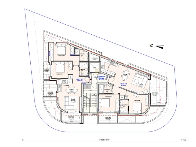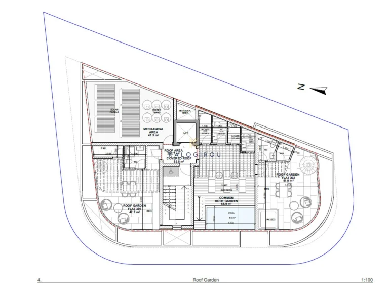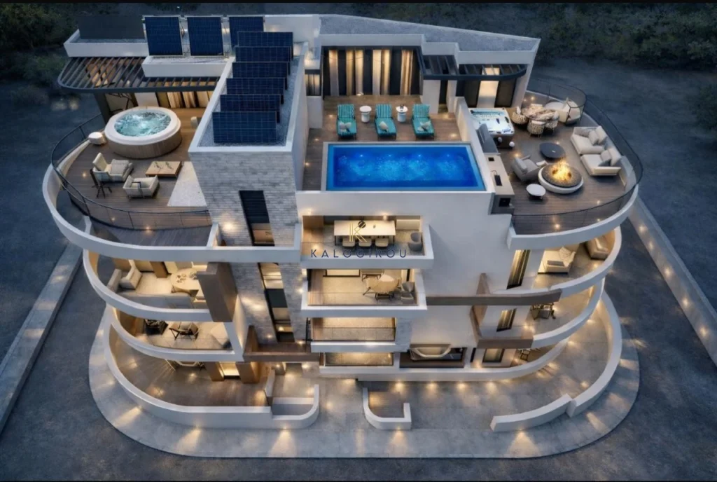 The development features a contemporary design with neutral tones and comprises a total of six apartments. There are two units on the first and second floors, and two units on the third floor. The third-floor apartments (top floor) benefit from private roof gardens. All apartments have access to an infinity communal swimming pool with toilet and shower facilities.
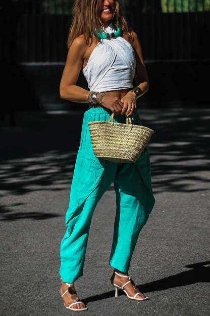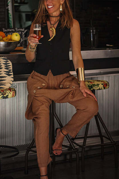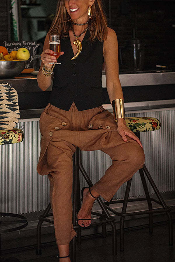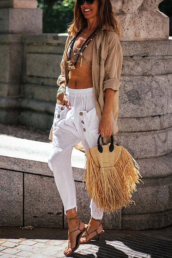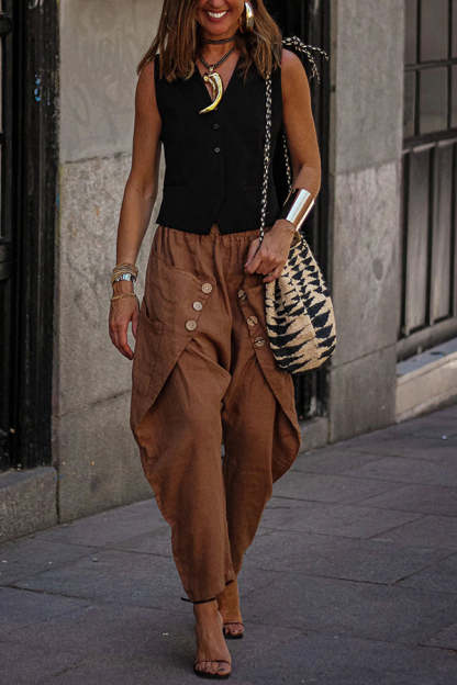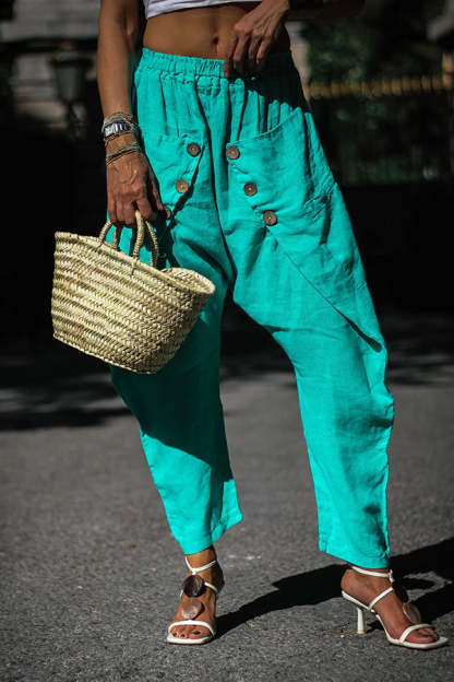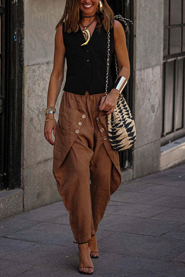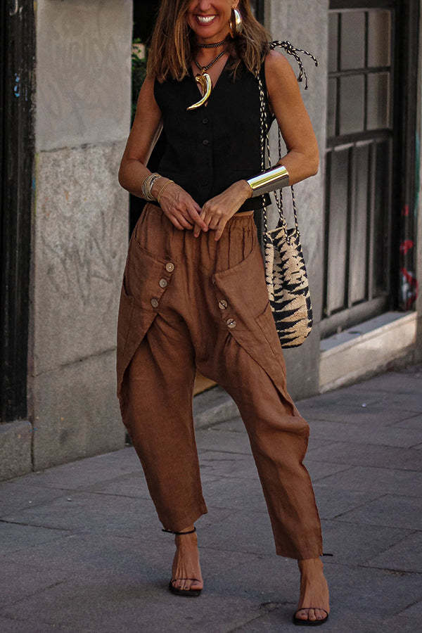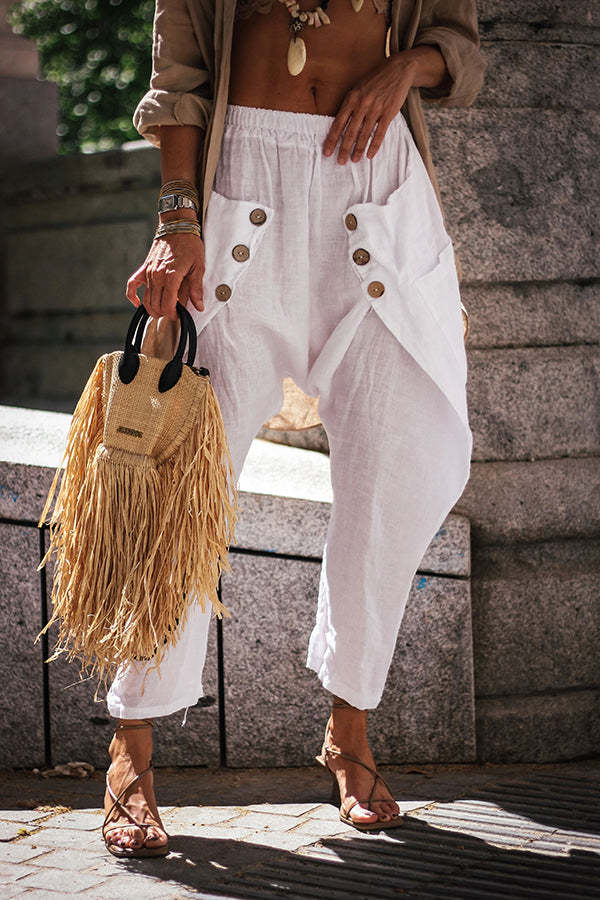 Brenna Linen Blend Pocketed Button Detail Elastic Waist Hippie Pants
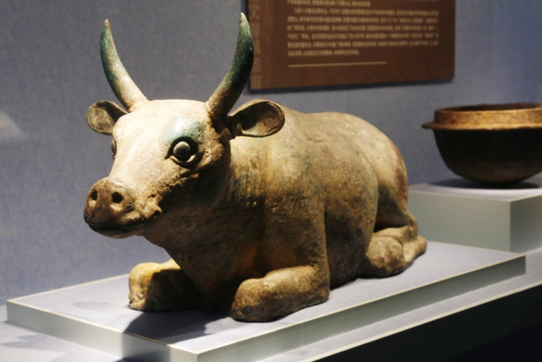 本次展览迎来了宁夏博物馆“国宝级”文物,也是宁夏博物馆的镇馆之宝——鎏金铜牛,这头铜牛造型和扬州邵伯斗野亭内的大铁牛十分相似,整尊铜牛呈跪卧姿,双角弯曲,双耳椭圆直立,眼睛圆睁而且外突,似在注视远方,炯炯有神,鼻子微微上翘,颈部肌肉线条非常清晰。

...

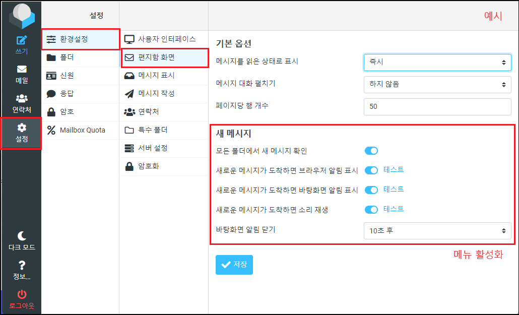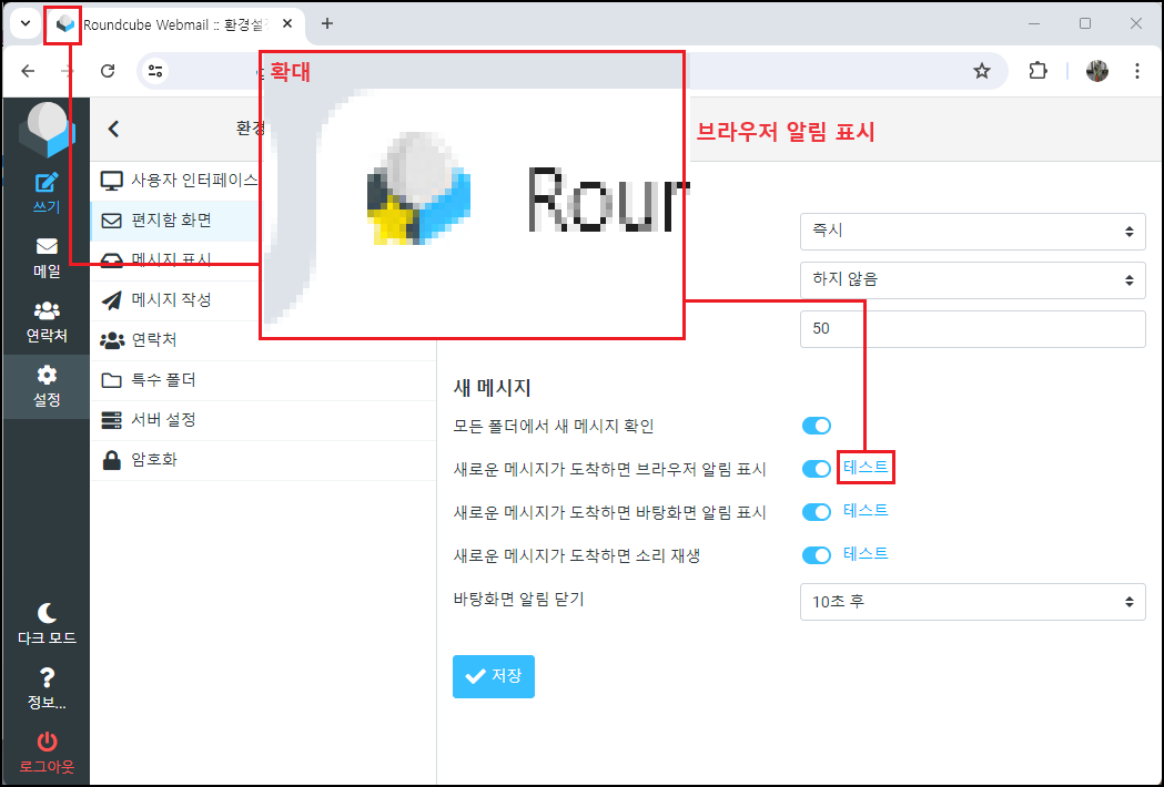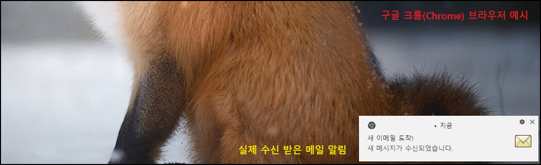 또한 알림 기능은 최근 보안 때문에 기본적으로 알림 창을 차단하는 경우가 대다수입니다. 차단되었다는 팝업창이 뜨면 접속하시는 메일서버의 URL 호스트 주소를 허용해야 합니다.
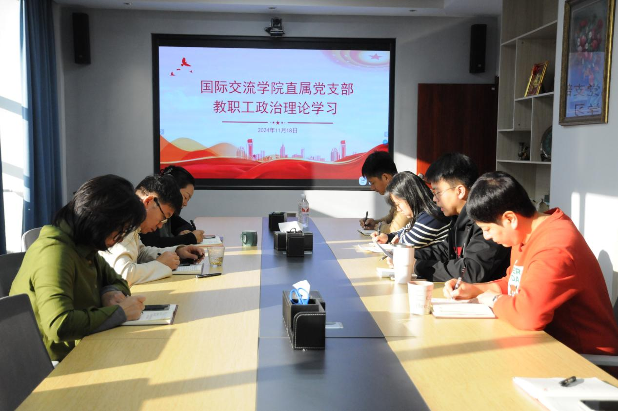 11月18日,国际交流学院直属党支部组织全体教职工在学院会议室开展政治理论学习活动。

* * *

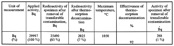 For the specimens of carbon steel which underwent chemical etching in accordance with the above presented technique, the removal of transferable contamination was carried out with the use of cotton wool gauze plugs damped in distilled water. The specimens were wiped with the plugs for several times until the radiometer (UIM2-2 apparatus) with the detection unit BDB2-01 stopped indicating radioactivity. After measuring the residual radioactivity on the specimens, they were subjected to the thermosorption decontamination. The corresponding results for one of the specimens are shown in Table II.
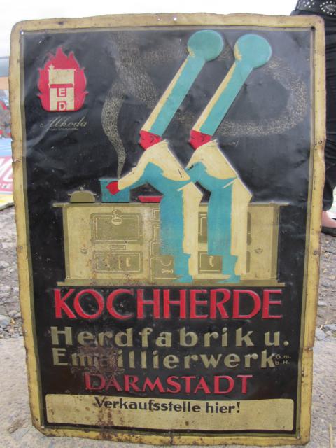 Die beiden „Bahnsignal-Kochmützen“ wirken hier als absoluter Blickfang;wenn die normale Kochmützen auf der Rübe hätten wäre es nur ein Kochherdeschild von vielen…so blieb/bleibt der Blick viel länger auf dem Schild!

» What needs to be done: What is wanted is an exact copy of the lines above from the one containing "또한 알림 기능은 최근" through the one containing "11月18日,国际交流学院直", with no pictures in it.

» Solution to this task:
 또한 알림 기능은 최근 보안 때문에 기본적으로 알림 창을 차단하는 경우가 대다수입니다. 차단되었다는 팝업창이 뜨면 접속하시는 메일서버의 URL 호스트 주소를 허용해야 합니다.
 11月18日,国际交流学院直属党支部组织全体教职工在学院会议室开展政治理论学习活动。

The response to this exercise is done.